Hepatocyte Growth Factor to Improve Functioning in PAD

NCT ID: NCT03363165

Last Updated: 2024-05-30

Basic Information

• Recruitment Status: COMPLETED
• Clinical Phase: PHASE2
• Total Enrollment: 39 participants
• Study Classification: INTERVENTIONAL
• Study Start Date: 2018-01-01
• Study Completion Date: 2023-09-05

Brief Summary

HI-PAD is a placebo controlled double-blind randomized pilot clinical trial to determine whether VM202 may improve walking ability in people with lower extremity peripheral artery disease (PAD).

Detailed Description

The HI-PAD study will randomize 39 people age 55 and older with PAD who do not have critical limb ischemia. The primary outcome is change in the six-minute walk distance at 6-month follow-up after the first study drug injection. A secondary outcome in change in six-minute walk distance at 3-month follow-up. Additional secondary outcomes are pain-free and maximal treadmill walking distance, calf biopsy measures of skeletal muscle regeneration, capillary density, and autophagy, and MRI-measured calf muscle perfusion at three-month follow-up. Investigators will also measure change in six-minute walk distance at 12-month follow-up.

Conditions

Peripheral Artery Disease

Study Design

• Allocation Method: RANDOMIZED
• Intervention Model: PARALLEL
• Primary Study Purpose: TREATMENT
• Blinding Strategy: QUADRUPLE

Study Groups

VM202

Participants will receive injections of VM202 (4 mgs) in calf skeletal muscle every 14 days for a total of four treatment days.

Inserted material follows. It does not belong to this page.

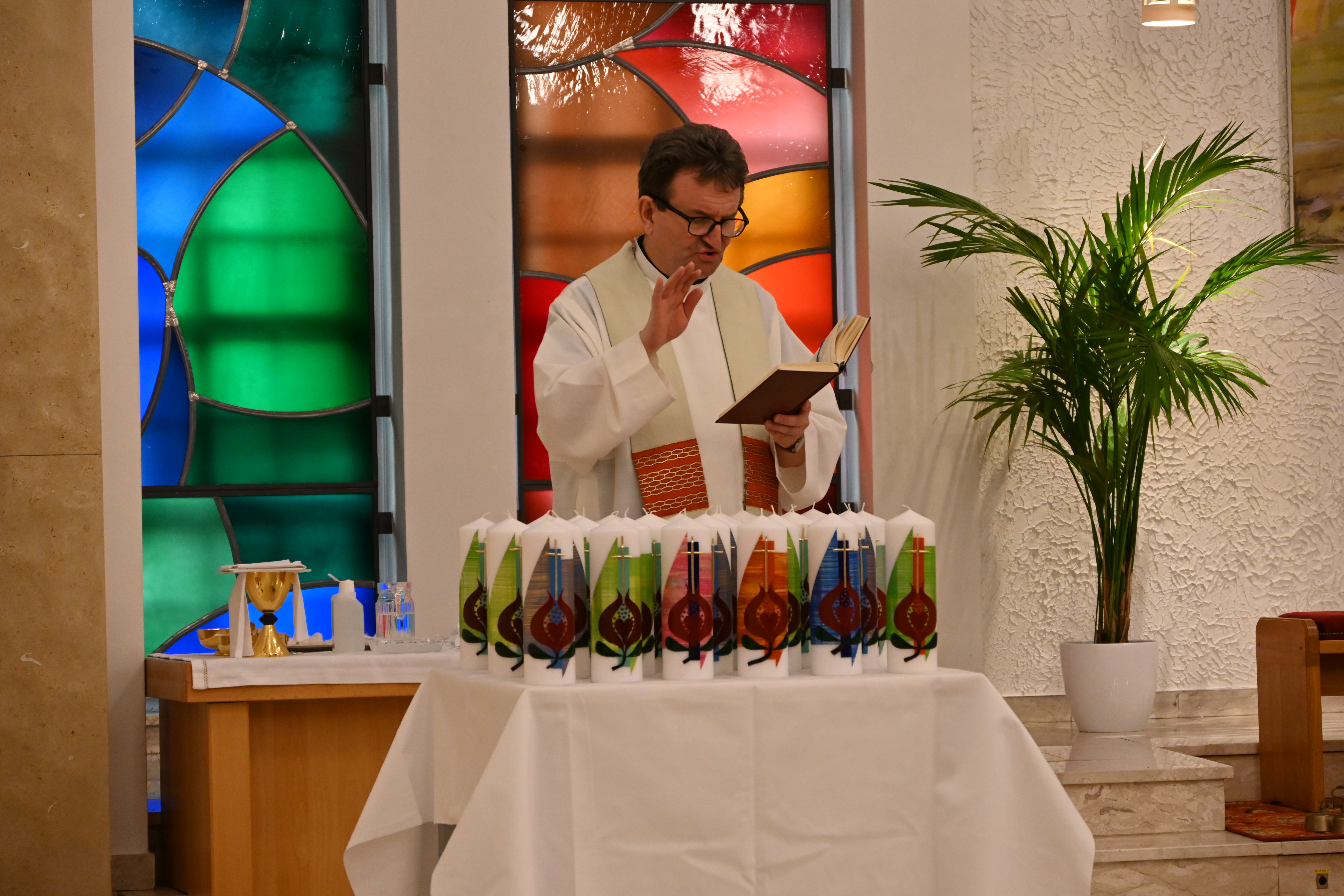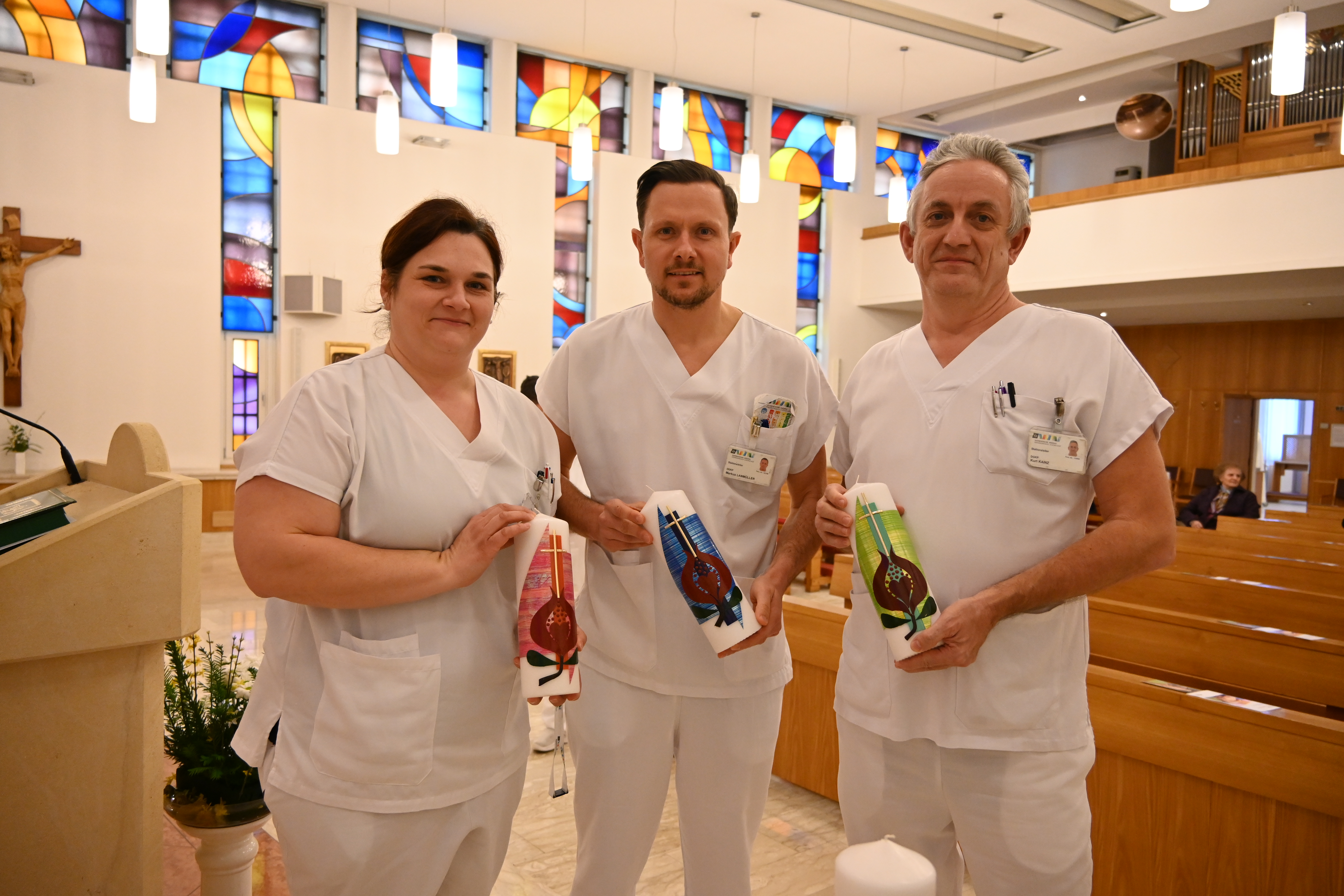 Heute gab es im Rahmen einer Messe die Gelegenheit, das Sakrament der Krankensalbung zu empfangen. Es soll Stärkung, Heilung und die Kraft zur Bewältigung schwieriger Situationen geben. Es kann jedem Gläubigen gespendet werden. Krankenhausseelsorger Josef Kuzmits segnete in diesem Rahmen auch die von Pater Prior Daniel Katzenschläger in Handarbeit gefertigten Kerzen für die Stationen.
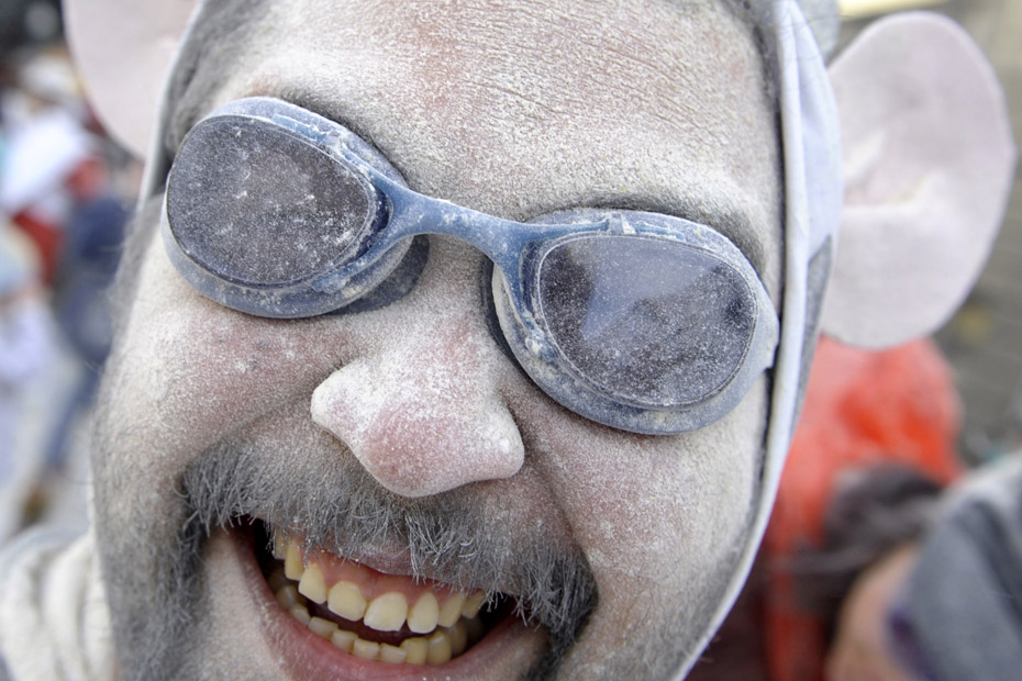 1月24日,西班牙西北部的一座村莊舉辦的狂歡節中上演瘋狂的“面粉大戰”。圖片來源:中國新聞網

Group Type: ACTIVE_COMPARATOR

VM202

Intervention Type: DRUG

Participants randomized to VM202 will receive calf muscle injections of VM202 to each leg with evidence of PAD. Injections of VM202 are administered by a physician in a double-blinded fashion after randomization on Day 0, Day 14, Day 28, and Day 42, for a total of four treatment days. Therefore, participants randomized to VM202 will receive 4 mgs of VM202 in each calf muscle on each treatment day. Injections are placed beginning 2 cm below the popliteal crease, and are administered in a pre-designed sequence and pattern, at a measured distance 2 cm apart.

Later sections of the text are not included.